At the front of the ship on Deck 2 port (left) side is the Nook, a tiny alcove of space with two armchairs and an ottoman, perfect for reading if you want someplace a bit quieter than the lounge.
Outdoor recreation on Safari Voyager comes in the form of off-ship fun in the sun including snorkeling, kayaking and paddleboarding. However, these options are only offered on select days during scheduled stops. Both snorkeling and kayaking might take place from the beach (necessitating a skiff ride to the beach first) or directly into the water -- kayaks via the EZ Dock launch platform and snorkeling after a short skiff ride to the spot chosen by the guides.
There's not much else in the way of recreation onboard Safari Voyager. There is a small sun deck on Deck 4 with tables and chairs; you'll also find places to sit at the front and back of Deck 3 and the front of Deck 2. You can walk the perimeter of Deck 3; about 20 laps equals one mile.
Even though you'll find a so-called "expedition desk" in the middle of the hallway on Deck 2, there's often no one there; you can peek your head into the tiny office next door or head up to the lounge where a crewmember or two can usually be found. In the same area of Deck 2 is the boat's small shop (really just a display case), stocked with UnCruise-branded T-shirts, hats, expedition shirts and rain jackets, as well as sarongs, locally sourced jewelry and wet bags.

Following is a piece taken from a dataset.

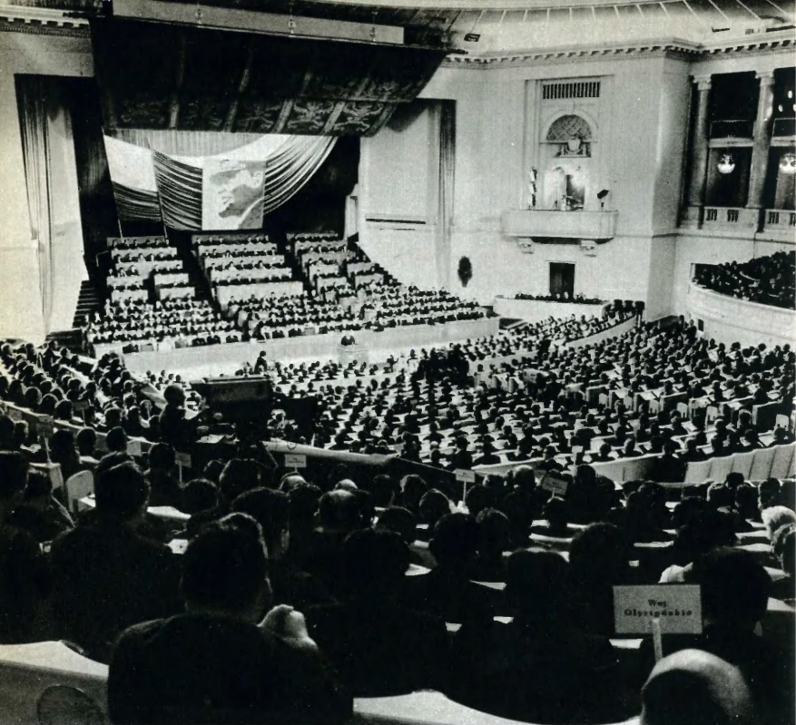
VI съезд ПОРП, проходивший в декабре 1971 года, принял Резолюцию по вопросу безопасности и сотрудничества в Европе.

There's no laundry service onboard but you will find a small spinner on Deck 2, which you can use to spin dry your wet swimwear before hanging on the sun deck to dry off completely. After a half day of snorkeling the Deck 4 sun deck is usually ringed with people's wet gear hanging in the sun to dry.

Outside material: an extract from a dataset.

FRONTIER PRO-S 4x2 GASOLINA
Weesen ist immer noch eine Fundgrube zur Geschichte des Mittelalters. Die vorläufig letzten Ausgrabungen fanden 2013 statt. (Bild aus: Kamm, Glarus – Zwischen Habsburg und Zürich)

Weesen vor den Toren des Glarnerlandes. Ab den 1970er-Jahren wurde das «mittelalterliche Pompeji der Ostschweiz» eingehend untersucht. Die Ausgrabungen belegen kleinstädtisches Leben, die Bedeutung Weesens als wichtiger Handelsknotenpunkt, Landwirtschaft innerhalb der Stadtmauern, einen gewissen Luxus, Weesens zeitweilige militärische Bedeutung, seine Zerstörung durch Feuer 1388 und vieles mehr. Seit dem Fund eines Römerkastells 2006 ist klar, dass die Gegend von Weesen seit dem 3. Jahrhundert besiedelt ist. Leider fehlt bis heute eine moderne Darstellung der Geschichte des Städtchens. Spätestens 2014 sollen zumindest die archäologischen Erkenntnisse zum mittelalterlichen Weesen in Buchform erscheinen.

Though Safari Voyager has no spa facility onboard, all passengers are offered a free 30-minute massage as part of their cruise experience. Most massages are scheduled for the late afternoon so as not to conflict with any of the shoreside (or in-water) activities. Passengers indicate their interest -- or disinterest -- in receiving the free massage and the two massage therapists onboard schedule the appointments over the course of the week to ensure everyone gets a massage.
Fitness equipment is limited to yoga mats for daily sunrise morning classes, plus two ellipticals, two stationary bikes and a few free weights outdoors on Deck 4 (all covered in case of inclement weather).
UnCruise does not allow children younger than 8 on its sailings. When kids are onboard, the crew will work with parents to come up with some activities for them, though generally kids on a Safari Voyager sailing will do most of the same activities as the adults. The chef might also make more child-friendly meals. There are no kids' club facilities or babysitting onboard.